_RECORDED DATA_
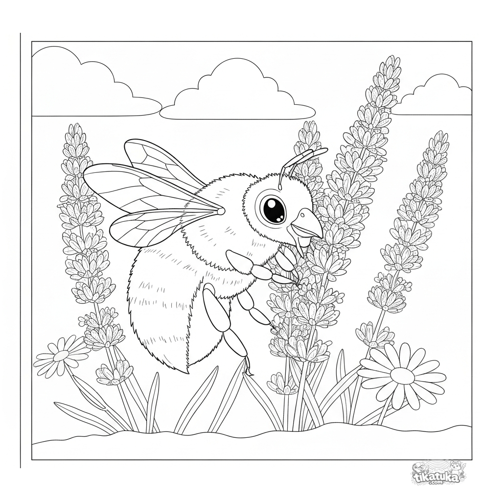 Ausmalbild einer Hummel für Kinder von 6-9 Jahren. Die Hummel bestäubt Lavendelblüten an einem sonnigen Sommertag, Beine voller Pollen.
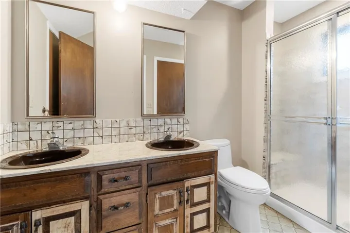 "LongDescription" => "Full bath featuring vanity, dark wood finished floors, wainscoting, tile walls, and a shower"
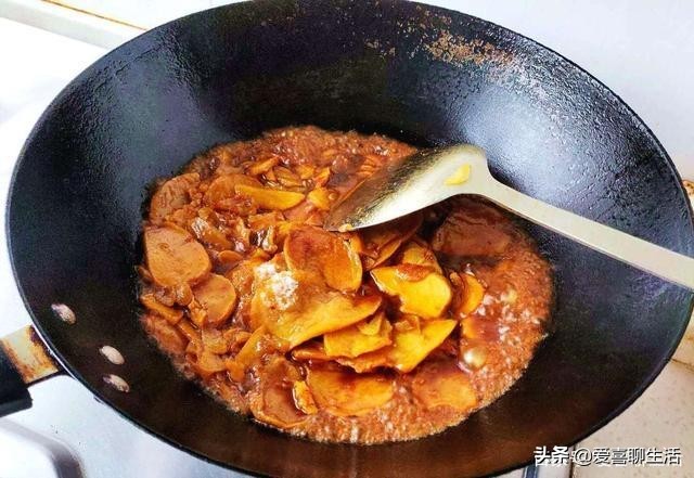 3 倒入土豆干,紧接着加入牛肉酱,炒出酱香味后倒入浸泡好的土豆干,(牛肉酱就是朋友说的必不可少的一味调料,它是这道菜的核心,有了它就有了土豆干的鲜美。)
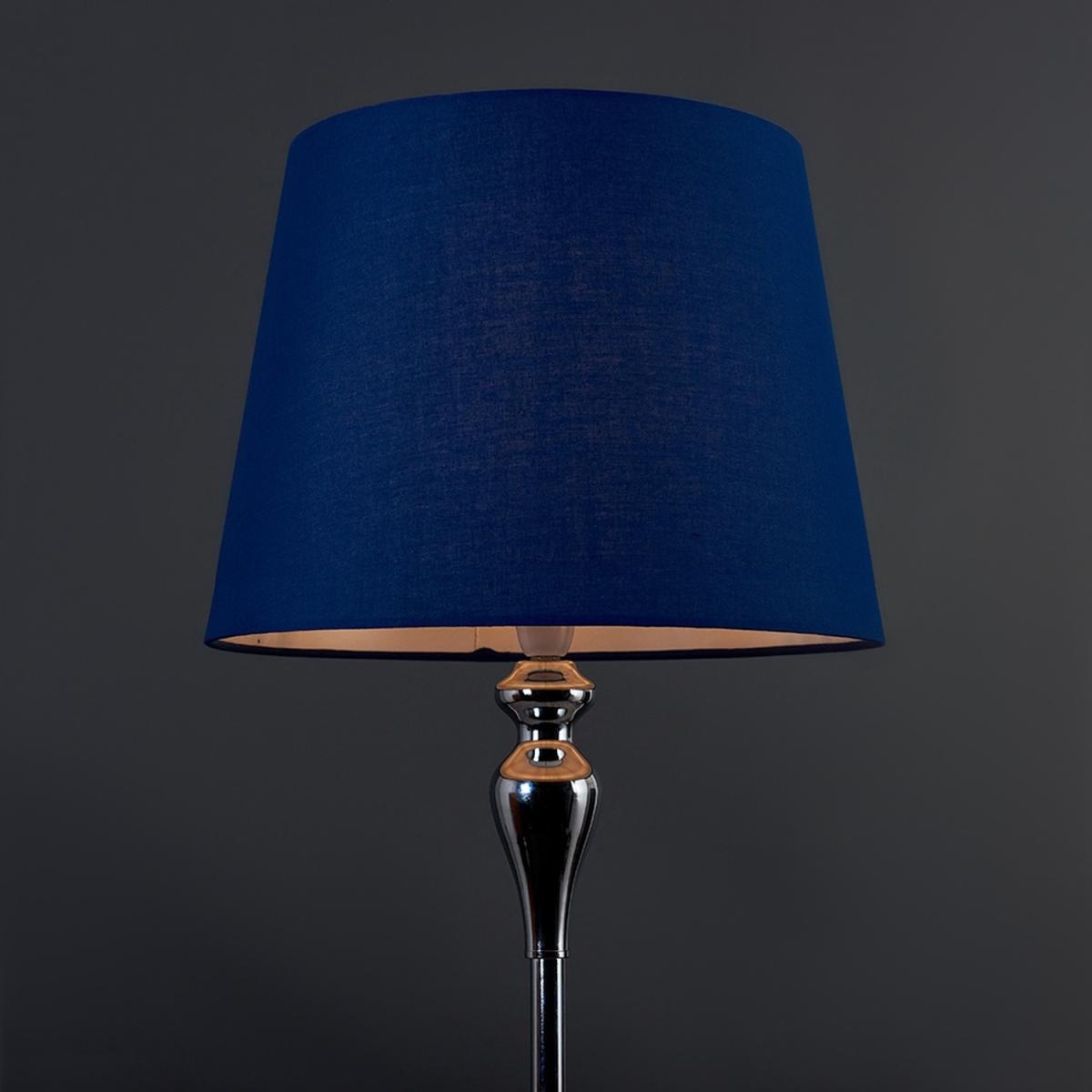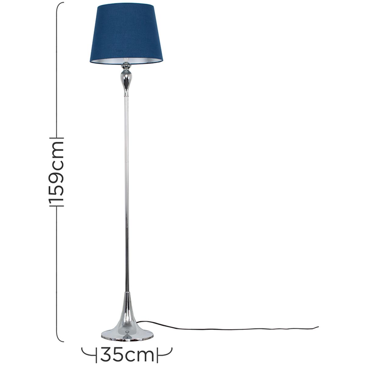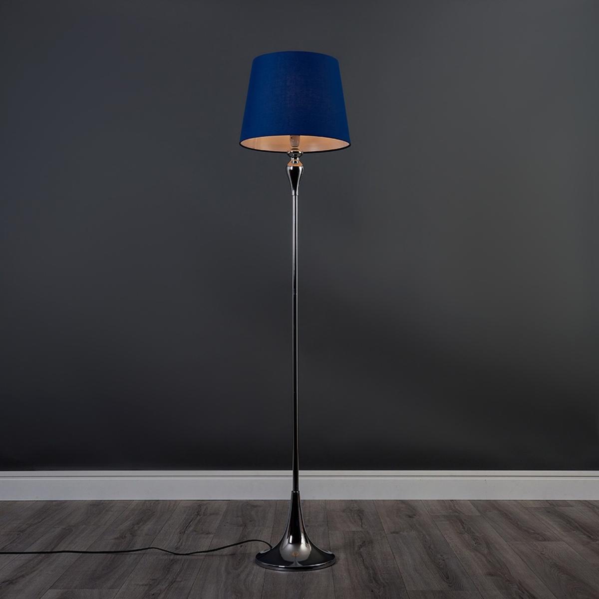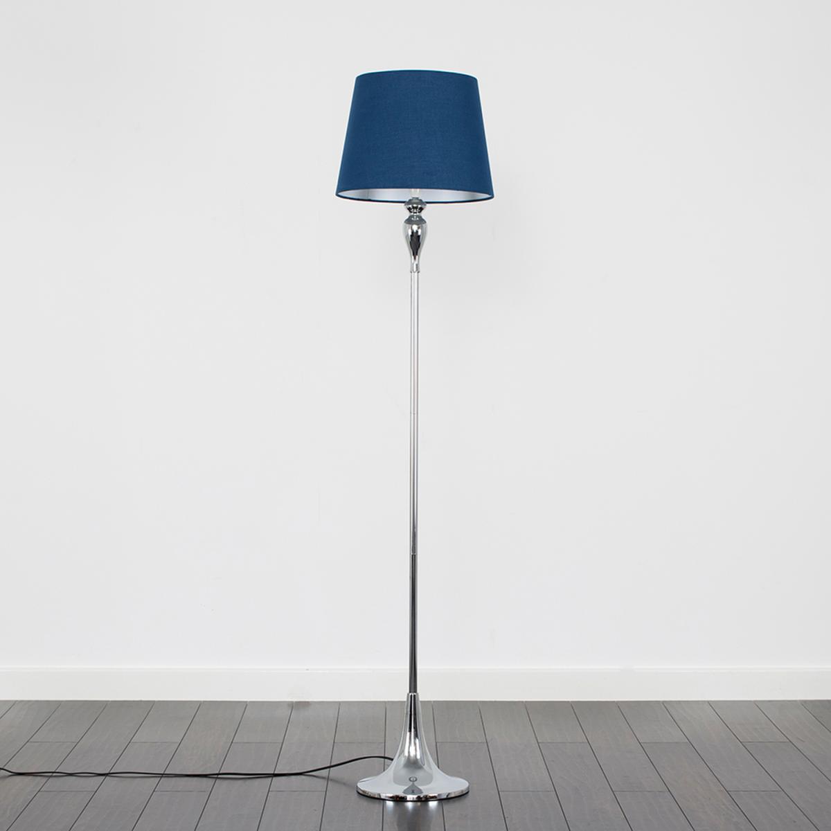 Modern spindle effect floor lamp in polished chrome finish. Complete with a navy blue fabric tapered lamp shade. This contemporary floor lamp is guaranteed to make a statement in any home. Features a switched lampholder. Floor lamps are a great way to bring additional lighting to a room - perfect for hallways, bedrooms, lounges, living rooms and offices.

_EXERCISE BRIEF_
Needed here is a verbatim copy of the data from the first line through the line with "featuring vanity, dark", without pictures.

_RESULT_
 Ausmalbild einer Hummel für Kinder von 6-9 Jahren. Die Hummel bestäubt Lavendelblüten an einem sonnigen Sommertag, Beine voller Pollen.
 "LongDescription" => "Full bath featuring vanity, dark wood finished floors, wainscoting, tile walls, and a shower"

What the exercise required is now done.